Saturday, 18 December 2010

Calulating sunrise and sunset in Python

I expected to find dozens of readily available implementations of sunrise and sunset calculations in Python on the web but this turned out to be a disappointment. Therefore I resolved to write my own straightforward implementation.

The sunrise equation is pretty easy to find on Wikipedia but actual implementations are not, certainly not in Python 3.x. (If you are willing to stick to Python 2.x there is of course the excellent PyEphem package, see the end of this article) Fortunately NOAA provides annotated equations in the form of an OpenOffice spreadsheet. This allows for simple re-engineering in Python and gives us a way to verify the results of a new implementation against those in the spreadsheet.

If you save the code below as sunrise.py then calculating the time of sunrise today would be straightforward as shown in this example:

 import datetime
 import sunrise
 s = sun(lat=49,long=3)
 print('sunrise at ',s.sunrise(when=datetime.datetime.now())

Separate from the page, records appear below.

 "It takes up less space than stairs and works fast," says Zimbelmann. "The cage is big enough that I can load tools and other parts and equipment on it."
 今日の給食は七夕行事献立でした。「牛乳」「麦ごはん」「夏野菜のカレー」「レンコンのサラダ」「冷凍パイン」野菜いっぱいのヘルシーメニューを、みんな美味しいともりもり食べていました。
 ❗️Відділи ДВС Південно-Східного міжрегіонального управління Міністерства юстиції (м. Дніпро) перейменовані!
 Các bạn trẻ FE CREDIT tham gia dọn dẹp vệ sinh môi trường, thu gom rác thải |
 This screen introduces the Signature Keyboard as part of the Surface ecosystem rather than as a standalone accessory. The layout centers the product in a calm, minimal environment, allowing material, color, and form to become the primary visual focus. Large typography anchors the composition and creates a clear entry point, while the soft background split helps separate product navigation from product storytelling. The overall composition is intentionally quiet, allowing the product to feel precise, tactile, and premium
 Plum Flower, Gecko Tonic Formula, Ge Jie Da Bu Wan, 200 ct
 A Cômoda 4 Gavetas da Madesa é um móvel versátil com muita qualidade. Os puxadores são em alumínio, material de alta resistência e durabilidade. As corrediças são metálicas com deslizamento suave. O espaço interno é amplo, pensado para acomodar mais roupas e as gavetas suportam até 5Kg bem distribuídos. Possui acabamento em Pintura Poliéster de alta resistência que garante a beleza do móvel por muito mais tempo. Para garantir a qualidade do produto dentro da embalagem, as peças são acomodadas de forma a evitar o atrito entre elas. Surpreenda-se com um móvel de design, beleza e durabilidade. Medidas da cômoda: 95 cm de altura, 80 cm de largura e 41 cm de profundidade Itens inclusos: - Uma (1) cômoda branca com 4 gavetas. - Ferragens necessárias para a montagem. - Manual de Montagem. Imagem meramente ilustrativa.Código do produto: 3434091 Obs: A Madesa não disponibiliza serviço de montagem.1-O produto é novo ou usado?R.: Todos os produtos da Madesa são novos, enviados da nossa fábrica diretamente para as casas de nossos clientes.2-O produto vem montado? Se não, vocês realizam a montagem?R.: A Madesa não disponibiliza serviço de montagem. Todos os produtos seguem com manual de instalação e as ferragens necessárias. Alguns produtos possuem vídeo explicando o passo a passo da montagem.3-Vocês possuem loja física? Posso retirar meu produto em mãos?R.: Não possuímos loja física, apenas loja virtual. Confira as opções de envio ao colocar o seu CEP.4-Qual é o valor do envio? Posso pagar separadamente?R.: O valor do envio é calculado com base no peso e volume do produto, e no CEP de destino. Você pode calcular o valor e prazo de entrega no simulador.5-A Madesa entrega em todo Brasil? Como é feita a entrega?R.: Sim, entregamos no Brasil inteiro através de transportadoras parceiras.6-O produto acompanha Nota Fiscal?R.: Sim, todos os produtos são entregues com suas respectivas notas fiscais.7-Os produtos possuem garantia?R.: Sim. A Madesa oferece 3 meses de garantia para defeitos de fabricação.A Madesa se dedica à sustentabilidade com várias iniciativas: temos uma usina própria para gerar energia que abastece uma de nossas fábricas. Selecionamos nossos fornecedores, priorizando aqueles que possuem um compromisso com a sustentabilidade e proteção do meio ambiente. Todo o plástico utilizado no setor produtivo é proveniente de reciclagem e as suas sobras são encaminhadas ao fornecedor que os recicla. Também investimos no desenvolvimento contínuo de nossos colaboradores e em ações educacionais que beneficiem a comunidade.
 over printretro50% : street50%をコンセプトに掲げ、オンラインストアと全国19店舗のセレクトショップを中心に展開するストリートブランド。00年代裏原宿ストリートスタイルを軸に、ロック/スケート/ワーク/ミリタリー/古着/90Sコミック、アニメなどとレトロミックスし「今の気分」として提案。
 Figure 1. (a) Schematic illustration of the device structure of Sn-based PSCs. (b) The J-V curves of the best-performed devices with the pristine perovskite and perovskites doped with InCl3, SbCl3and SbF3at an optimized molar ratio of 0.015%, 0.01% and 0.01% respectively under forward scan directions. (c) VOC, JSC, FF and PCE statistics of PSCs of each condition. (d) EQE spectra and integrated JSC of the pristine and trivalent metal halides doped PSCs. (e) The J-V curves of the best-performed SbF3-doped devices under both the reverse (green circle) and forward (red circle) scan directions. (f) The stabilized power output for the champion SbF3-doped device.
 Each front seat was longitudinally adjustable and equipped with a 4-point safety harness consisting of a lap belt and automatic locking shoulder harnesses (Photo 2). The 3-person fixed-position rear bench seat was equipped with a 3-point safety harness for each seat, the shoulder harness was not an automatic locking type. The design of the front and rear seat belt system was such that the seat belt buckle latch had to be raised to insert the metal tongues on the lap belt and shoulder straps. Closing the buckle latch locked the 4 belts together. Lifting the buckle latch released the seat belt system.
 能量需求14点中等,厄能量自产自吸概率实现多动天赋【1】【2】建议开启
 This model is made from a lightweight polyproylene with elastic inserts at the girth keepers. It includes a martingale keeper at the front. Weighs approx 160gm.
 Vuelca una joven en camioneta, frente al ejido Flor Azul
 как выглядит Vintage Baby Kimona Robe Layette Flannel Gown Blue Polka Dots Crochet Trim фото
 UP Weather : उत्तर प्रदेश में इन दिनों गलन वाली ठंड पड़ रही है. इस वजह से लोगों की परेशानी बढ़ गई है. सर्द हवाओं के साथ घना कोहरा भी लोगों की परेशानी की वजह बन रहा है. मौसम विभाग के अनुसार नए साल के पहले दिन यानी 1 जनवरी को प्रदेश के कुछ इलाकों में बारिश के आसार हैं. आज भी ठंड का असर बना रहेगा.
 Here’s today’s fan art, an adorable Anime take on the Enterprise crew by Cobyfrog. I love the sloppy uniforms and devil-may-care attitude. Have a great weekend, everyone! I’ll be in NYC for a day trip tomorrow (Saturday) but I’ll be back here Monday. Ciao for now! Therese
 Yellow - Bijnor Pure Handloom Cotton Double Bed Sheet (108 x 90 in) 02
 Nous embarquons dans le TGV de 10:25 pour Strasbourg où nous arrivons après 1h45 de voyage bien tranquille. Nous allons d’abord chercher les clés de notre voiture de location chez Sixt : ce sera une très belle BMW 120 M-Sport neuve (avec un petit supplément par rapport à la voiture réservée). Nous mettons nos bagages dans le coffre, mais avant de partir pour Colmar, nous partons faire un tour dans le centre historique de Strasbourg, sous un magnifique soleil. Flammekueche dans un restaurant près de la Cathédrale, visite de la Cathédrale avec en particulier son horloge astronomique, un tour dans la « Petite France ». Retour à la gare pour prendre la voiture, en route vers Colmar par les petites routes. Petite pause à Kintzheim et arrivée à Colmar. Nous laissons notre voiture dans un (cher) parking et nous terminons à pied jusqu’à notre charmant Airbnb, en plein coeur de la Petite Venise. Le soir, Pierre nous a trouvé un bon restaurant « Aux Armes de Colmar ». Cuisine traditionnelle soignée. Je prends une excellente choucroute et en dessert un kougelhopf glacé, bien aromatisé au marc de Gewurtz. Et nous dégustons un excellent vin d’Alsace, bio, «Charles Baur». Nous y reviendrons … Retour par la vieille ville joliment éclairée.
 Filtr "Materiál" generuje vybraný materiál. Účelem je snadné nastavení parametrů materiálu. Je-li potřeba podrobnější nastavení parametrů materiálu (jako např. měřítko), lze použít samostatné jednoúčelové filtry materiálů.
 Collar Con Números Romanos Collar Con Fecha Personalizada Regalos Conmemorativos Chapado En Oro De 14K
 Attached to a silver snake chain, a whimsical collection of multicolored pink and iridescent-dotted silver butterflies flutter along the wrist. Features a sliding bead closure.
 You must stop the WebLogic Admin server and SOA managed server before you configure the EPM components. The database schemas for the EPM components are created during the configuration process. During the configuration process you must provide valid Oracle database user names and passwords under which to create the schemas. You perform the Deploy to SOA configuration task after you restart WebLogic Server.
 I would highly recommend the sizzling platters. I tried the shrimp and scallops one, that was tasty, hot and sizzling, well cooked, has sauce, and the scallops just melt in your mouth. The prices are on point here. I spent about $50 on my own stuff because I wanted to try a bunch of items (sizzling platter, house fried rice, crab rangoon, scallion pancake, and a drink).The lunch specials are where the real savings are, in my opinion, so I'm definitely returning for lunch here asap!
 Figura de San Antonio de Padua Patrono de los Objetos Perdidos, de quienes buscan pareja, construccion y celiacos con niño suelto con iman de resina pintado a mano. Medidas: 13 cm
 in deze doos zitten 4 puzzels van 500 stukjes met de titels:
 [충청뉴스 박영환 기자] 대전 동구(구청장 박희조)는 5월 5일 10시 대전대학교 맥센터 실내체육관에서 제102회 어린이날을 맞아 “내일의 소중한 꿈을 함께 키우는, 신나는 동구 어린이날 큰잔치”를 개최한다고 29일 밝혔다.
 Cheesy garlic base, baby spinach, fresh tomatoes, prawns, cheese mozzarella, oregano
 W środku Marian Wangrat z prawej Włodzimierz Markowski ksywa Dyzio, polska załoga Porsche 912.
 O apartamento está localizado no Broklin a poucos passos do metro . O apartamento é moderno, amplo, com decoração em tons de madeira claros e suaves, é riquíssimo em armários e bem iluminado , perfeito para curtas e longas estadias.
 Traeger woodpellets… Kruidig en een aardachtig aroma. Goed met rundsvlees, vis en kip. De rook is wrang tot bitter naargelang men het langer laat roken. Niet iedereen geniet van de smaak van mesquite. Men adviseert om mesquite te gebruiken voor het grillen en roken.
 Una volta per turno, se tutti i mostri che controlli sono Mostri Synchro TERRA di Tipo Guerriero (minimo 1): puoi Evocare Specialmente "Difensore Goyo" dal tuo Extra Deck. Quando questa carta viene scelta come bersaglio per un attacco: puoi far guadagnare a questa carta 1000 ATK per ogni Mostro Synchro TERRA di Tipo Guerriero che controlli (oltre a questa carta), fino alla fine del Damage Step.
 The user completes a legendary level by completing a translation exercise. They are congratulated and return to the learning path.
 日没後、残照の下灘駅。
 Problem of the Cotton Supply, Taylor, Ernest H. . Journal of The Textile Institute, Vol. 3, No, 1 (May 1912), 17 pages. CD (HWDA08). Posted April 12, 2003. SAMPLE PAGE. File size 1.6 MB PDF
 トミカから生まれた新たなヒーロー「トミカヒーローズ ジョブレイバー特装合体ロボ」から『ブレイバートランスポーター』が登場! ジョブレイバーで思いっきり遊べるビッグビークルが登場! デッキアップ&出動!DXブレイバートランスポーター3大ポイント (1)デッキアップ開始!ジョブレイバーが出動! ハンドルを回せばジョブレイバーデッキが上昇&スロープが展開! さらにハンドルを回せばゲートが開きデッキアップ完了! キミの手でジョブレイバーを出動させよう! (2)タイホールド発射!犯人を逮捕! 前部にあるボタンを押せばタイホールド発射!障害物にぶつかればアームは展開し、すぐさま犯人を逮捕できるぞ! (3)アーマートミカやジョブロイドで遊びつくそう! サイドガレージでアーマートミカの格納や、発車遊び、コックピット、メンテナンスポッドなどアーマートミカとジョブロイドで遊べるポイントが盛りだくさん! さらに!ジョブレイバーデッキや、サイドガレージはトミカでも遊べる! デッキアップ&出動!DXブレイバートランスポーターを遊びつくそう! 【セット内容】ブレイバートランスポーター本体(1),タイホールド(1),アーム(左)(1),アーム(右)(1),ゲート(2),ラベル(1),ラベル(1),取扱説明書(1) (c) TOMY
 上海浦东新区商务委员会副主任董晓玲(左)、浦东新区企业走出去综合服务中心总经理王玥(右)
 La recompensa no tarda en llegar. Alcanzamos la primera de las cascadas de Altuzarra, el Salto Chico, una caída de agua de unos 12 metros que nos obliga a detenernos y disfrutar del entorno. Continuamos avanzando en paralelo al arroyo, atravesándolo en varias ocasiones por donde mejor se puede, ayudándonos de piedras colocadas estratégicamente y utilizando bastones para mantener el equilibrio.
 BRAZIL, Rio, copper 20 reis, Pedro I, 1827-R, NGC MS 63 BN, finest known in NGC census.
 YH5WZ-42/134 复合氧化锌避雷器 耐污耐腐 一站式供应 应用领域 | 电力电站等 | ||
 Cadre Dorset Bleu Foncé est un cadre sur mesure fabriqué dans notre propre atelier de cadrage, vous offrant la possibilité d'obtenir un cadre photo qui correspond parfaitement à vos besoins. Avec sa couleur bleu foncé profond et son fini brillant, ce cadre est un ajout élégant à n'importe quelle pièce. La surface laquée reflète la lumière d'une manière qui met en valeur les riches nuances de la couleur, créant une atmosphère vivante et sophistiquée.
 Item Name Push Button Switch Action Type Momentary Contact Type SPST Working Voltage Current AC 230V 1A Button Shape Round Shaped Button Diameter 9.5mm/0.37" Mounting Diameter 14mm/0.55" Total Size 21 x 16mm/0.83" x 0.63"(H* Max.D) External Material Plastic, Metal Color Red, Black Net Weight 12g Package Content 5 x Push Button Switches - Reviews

The sun class also provides a sunset() method and solarnoon() method. All three methods take a when parameter that should be a datetime.datetime object. If this object contains timezone information or daylight saving time information, this information is used when calculating the times of sunrise, sunset and the solar noon.

Note that if no when parameter is given, a default datetime is used that is initialized with a LocalTimezone object from the timezone module. I have not provided that module here but you can implement one simple enough by copying the example in Python's documentation or you can comment out the import statement below and always supply a when parameter.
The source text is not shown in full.